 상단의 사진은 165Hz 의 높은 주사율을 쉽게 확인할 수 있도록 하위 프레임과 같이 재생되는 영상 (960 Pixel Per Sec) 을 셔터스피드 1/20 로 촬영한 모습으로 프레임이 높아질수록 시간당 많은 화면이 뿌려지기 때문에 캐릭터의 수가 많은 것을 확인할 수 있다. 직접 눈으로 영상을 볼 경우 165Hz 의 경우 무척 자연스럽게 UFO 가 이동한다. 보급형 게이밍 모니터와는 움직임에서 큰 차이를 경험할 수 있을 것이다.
● ● ● ● ●
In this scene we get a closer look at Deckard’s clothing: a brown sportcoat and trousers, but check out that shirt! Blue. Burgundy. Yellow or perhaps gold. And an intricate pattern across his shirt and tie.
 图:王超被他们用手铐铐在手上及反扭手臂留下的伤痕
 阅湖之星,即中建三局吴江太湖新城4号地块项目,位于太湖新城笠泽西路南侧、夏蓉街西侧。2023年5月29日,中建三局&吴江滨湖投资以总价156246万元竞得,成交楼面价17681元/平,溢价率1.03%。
● ● ● ● ●
What you need to do: Begin with the line that has "图:王超被他们用手铐铐在手上及反扭手臂留下的伤痕" in the listing above and end after the line that has "阅湖之星,即中建三局吴江太湖"; output those lines exactly.

Output:
 图:王超被他们用手铐铐在手上及反扭手臂留下的伤痕
 阅湖之星,即中建三局吴江太湖新城4号地块项目,位于太湖新城笠泽西路南侧、夏蓉街西侧。2023年5月29日,中建三局&吴江滨湖投资以总价156246万元竞得,成交楼面价17681元/平,溢价率1.03%。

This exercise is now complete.